Crystal structure of hexagonal birnessite MnO2 (red, oxygen; purple, manganese), without the randomly distributed water molecules and metal cations between the layers for clarity.

However, the existence of Mn(III) does not tell the whole story (2). The activity of birnessite as an OER catalyst still shows a puzzling dependence on structural properties such as the crystal phases, chemical composition, and morphology. Moderate activity for the OER has been experimentally shown for hexagonal birnessites, while the more crystalline form, triclinic birnessite, exhibits no activity for this reaction regardless of the same coexistence of Mn(IV) and Mn(III) within the MnO2 layers. A much higher activity was found in a highly disordered birnessite-like phase than in the original less-disordered one (3). Focusing on the composition of Mn(III), the authors of ref. 8 observed that some but not all samples with a lower manganese average oxidation state (AOS) were more active for water oxidation. [A lower Mn AOS in birnessite indicates a higher content of Mn(III).] To understand the chemistry behind all these puzzling observations, one must understand the detailed mechanism of Mn oxidation state switching as mentioned above. In this work, we treat the switching between Mn(IV) and Mn(III) as a defect problem, contending it to be the formation and release of an electron small polaron. We propose a theoretical model based on our first-principles computation and further test it via confirming experiments. This model suggests that the oxidation-state switching of Mn in birnessite is facilitated by a potential step along the c axis, induced by an excess of Mn(III) (together with intercalated cations) in the surface layer, which makes it easier for an electron to transfer back and forth between Mn ions in the surface and next layers. Our model sheds light on the above-mentioned puzzling structure–performance dependence and further suggests “modulation doping” as a general approach to functionalize layered materials.

Results and Discussion

Birnessite has a complicated structure, with the hydrated cations randomly distributed between the MnO2 layers, as well as with structural defects (14) within the layer. The role of water molecules is mainly as a structure stabilizer (15), removal of which causes little change to the electronic structure according to a recent computation (16). Hence, we choose the pure hexagonal MnO2 to study the intrinsic properties, without cation or water intercalation and with the experimental interlayer spacing. Without loss of generality, we assume a ferromagnetic ordering within the layer and an antiferromagnetic ordering between neighboring layers (17). Using this simplified structure model, we focus on Mn(III) and intercalated K, treating them as point defects or defect complexes with the standard supercell approach (18, 19). A 4 × 4 × 1, two-layer, 96-atom supercell is used for our first-principles calculations. The supercell is repeated periodically in all three dimensions.

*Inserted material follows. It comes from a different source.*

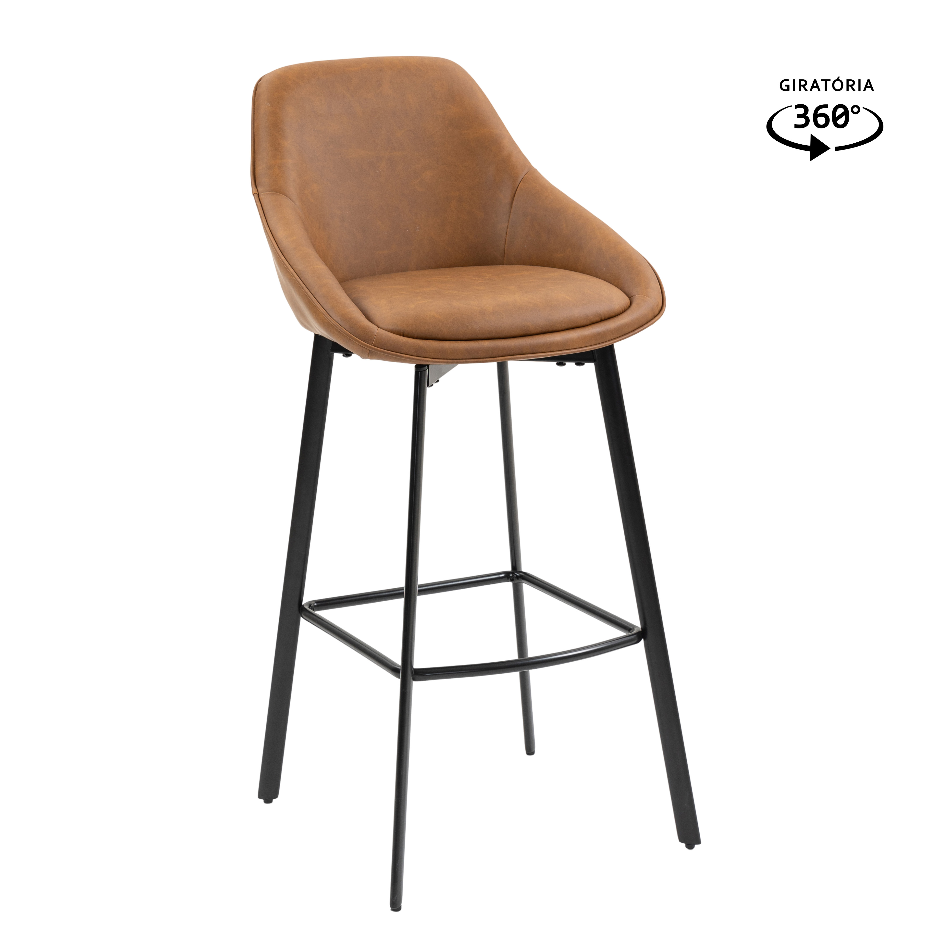 BANQUETA GIRATÓRIA ESTOFADA EM POLIURETANO E BASE EM AÇO PINTADA A PÓ

Mn(III) plays a pivotal role for birnessite OER catalytic activity. In some trivalent Mn and Co oxides with an octahedral building block like that in birnessite (9), the localized single eg electron of the transition metal can form σ bonds with the adsorbates and hence determine the energetics of the intermediates during the OER (10). In operation, usually only a very small portion of Mn sites is actually involved in the reaction, which justifies the defect perspective, and the formation of Mn(III) within the pure MnO2 matrix can be understood with the concept of the Jahn–Teller electron small polaron: One extra electron, initially located at the conduction band minimum (CBM) and delocalized over the whole crystal, becomes finally well localized (small) around one Mn site with a strong Jahn–Teller local distortion and with the oxidation state of this specific Mn decreasing by one. The energy difference between the final and initial states defines the self-trapping energy EST for the small polaron, and a negative EST means a stable small-polaron state. The small polaron is a special kind of point defect and can be explored with the well-established generalized Koopmans’ condition (GKC) approach (20⇓⇓–23).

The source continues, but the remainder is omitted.